# Using Redis and OpenAI to chat with PDF documents

This notebook demonstrates how to use RedisAI and (Azure) OpenAI to chat with PDF documents. The PDF included is
a informational brochure about the Chevy Colorado pickup truck.

In this notebook, we will use LLamaIndex to chunk, vectorize, and store the PDF document in Redis as vectors
alongside associated text. The query interface provided by LLamaIndex will be used to search for relevant
information given queries from the user.

In [1]:
# Install the Python requirements
%pip install -q -r requirements.txt

Note: you may need to restart the kernel to use updated packages.


In [2]:
import os
import sys
import logging

logging.basicConfig(
    stream=sys.stdout, level=logging.INFO
) # logging.DEBUG for more verbose output
logging.getLogger().addHandler(logging.StreamHandler(stream=sys.stdout))

import textwrap
import openai

from langchain.llms import AzureOpenAI, OpenAI
from langchain.embeddings import OpenAIEmbeddings
from llama_index.vector_stores import RedisVectorStore
from llama_index import LangchainEmbedding
from llama_index import (
    GPTVectorStoreIndex,
    SimpleDirectoryReader,
    LLMPredictor,
    PromptHelper,
    ServiceContext,
    StorageContext
)

# Azure OpenAI | OpenAI (direct)

The notebook allows the user two choose between using the OpenAI and Azure OpenAI endpoints. Make sure to follow the instructions in the README and set the .env correctly according to whichever API you are using. 
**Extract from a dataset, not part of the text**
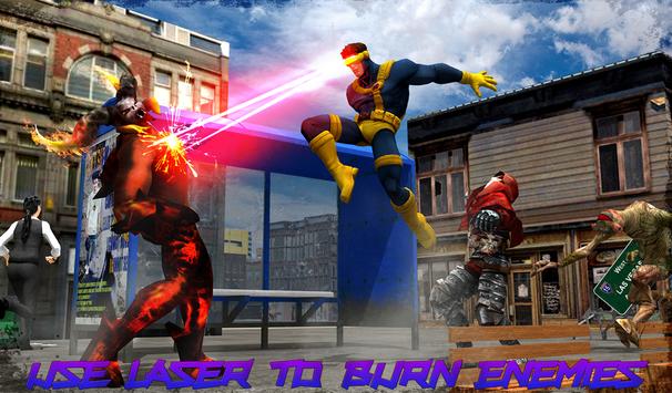 Fight in the era of superheroes. Become two powerful superheroes equipped with super sharp abilities. One hero can shoot laser beams from his eyes can burn anything in his sight. The other superhero can slice anything with his hair-thin sharp blades. Become the mutant superhero and defend the city from enemy attacks, local raids, attacks from mafia, alien attacks and capture and protecting people and cities against a vast spread zombie apocalypse. Fight in the era of modern street fighting and level up your fighting abilities in this epic simulator Titans King Fighter. Become the savior of human kind in the intense epitome of chaos and battle raged forces of nature. Kill as many aliens as you can and go on missions to kill all aliens from the city. Fight off gangsters and capture them before they kill any local civilian. Fight like a modern mutant superhero and shoot laser beams on enemies. You can burn enemies from laser beam and destroy them easily.

NOTE: ONLY ONE API CAN BE USED AT A TIME.

- **[Use Azure OpenAI](#Azure-OpenAI)**
- **[Use OpenAI](#OpenAI) (direct)**

## Azure OpenAI 

Here we setup the AzureOpenAI models and API keys that we set by reading from the environment above. The ``PromptHelper`` sets the parameters for the OpenAI model. The classes defined here are used together to provide a QnA interface between the user and the LLM.

In [4]:
# setup Llama Index to use Azure OpenAI
openai.api_type = "azure"
openai.api_base = os.getenv("AZURE_OPENAI_API_BASE")
openai.api_version = os.getenv("OPENAI_API_VERSION")
openai.api_key = os.getenv("OPENAI_API_KEY")
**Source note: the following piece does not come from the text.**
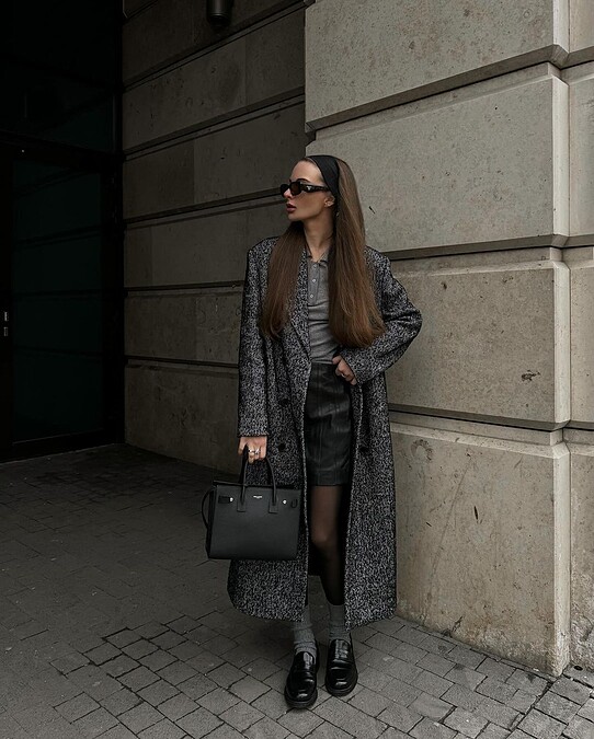 利用全身的灰黑色系來達到協調感,在大衣裡面搭配短裙或長褲都很俐落。選擇跟樂福鞋同顏色的墨鏡或貝雷帽這種配件,精緻度能夠大大加分。

# Get the OpenAI model names ex. "text-embedding-ada-002"
embedding_model = os.getenv("OPENAI_EMBEDDING_MODEL")
text_model = os.getenv("OPENAI_TEXT_MODEL")
# get the Azure Deployment name for the model
embedding_model_deployment = os.getenv("AZURE_EMBED_MODEL_DEPLOYMENT_NAME")
text_model_deployment = os.getenv("AZURE_TEXT_MODEL_DEPLOYMENT_NAME")
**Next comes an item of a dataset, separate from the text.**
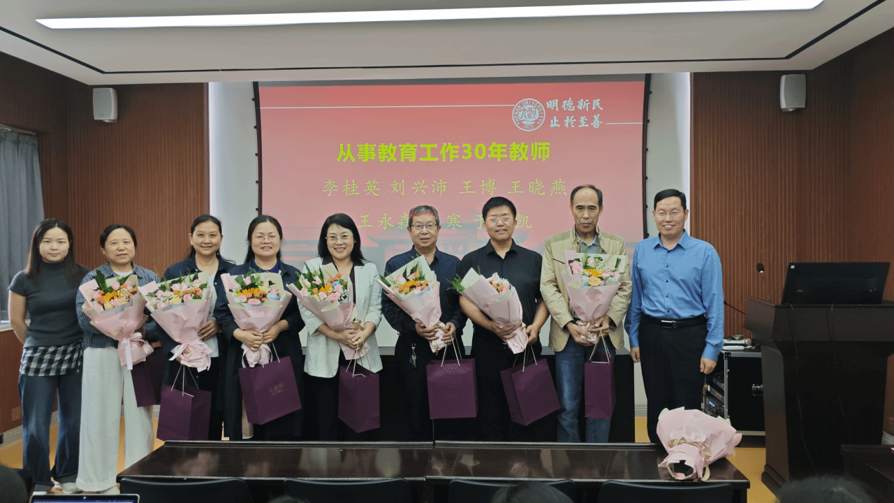 大会在庄严而热烈的氛围中拉开帷幕。会议首先向将最美好年华奉献给党的教育事业和樱花直播 的资深教师们致敬。李桂英、刘兴沛、王博、王晓燕、王永森、于寒、于建凯等七位从教30年的教师登台,部党委书记、主任杨剑波为他们颁发了纪念品。新入职教师张露露代表全体青年教师向他们敬献鲜花,饱含深情地表达了对前辈们崇高师德和育人成就的敬意。
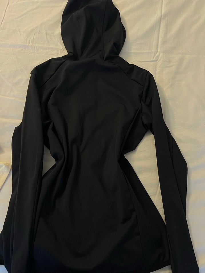 Kadınlar için yüksek yakalı, uzun kollu ve drapeli siyah kapüşonlu, atletik tarzda dar kesim ceket. Günlük sokak modasına uygundur.

print(f"Using OpenAI models: {embedding_model} and {text_model}")
print(f"Using Azure deployments: {embedding_model_deployment} and {text_model_deployment}")


Using models: text-embedding-ada-002 and gpt-35-turbo


In [5]:

llm = AzureOpenAI(deployment_name=text_model_deployment, model_kwargs={
    "api_key": openai.api_key,
    "api_base": openai.api_base,
    "api_type": openai.api_type,
    "api_version": openai.api_version,
})
llm_predictor = LLMPredictor(llm=llm)

embedding_llm = LangchainEmbedding(
    OpenAIEmbeddings(
        model=embedding_model,
        deployment=embedding_model_deployment,
        openai_api_key= openai.api_key,
        openai_api_base=openai.api_base,
        openai_api_type=openai.api_type,
        openai_api_version=openai.api_version,
    ),
    embed_batch_size=1,
)

## OpenAI

The ``OpenAI`` class provides a simple interface to the OpenAI API.


In [3]:
# setup Llama Index to use OpenAI direct
openai.api_type = "openai"
openai.api_version = os.getenv("OPENAI_API_VERSION")
openai.api_base = os.getenv("OPENAI_API_BASE")
openai.api_key = os.getenv("OPENAI_API_KEY")

# Get the OpenAI model names ex. "text-embedding-ada-002"
embedding_model = os.getenv("OPENAI_EMBEDDING_MODEL")
text_model = os.getenv("OPENAI_TEXT_MODEL")


print(f"Using OpenAI models: {embedding_model} and {text_model}")

Using OpenAI models: text-embedding-ada-002 and gpt-35-turbo


In [4]:
# Set up LLM
llm = OpenAI(model_kwargs={
    "api_key": openai.api_key,
    "api_base": openai.api_base,
    "api_type": openai.api_type,
    "api_version" : openai.api_version,
})
llm_predictor = LLMPredictor(llm=llm)

# Set up Embedding model
embedding_llm = LangchainEmbedding(
    OpenAIEmbeddings(
        model=embedding_model,
        openai_api_version=openai.api_version,
        openai_api_key= openai.api_key,
        openai_api_base=openai.api_base,
        openai_api_type=openai.api_type,
    ),
    embed_batch_size=1,
)

### LLamaIndex

[LlamaIndex](https://github.com/jerryjliu/llama_index) (GPT Index) is a project that provides a central interface to connect your LLM's with external data sources. It provides a simple interface to vectorize and store embeddings in Redis, create search indices using Redis, and perform vector search to find context for generative models like GPT.

Here we will use it to load in the documents (Chevy Colorado Brochure).

In [5]:
# load documents
documents = SimpleDirectoryReader('./docs').load_data()
print('Document ID:', documents[0].doc_id)

Document ID: 00952df8-749c-4aea-8ed6-4436dc931244


Llamaindex also works with frameworks like langchain to make prompting and other aspects of a chat based application easier. Here we can use the ``PromptHelper`` class to help us generate prompts for the (Azure) OpenAI model. The will be off by default as it can be tricky to setup correctly.

In [6]:
# set number of output tokens
num_output = int(os.getenv("OPENAI_MAX_TOKENS"))
# max LLM token input size
max_input_size = int(os.getenv("CHUNK_SIZE"))
# set maximum chunk overlap
max_chunk_overlap = float(os.getenv("CHUNK_OVERLAP"))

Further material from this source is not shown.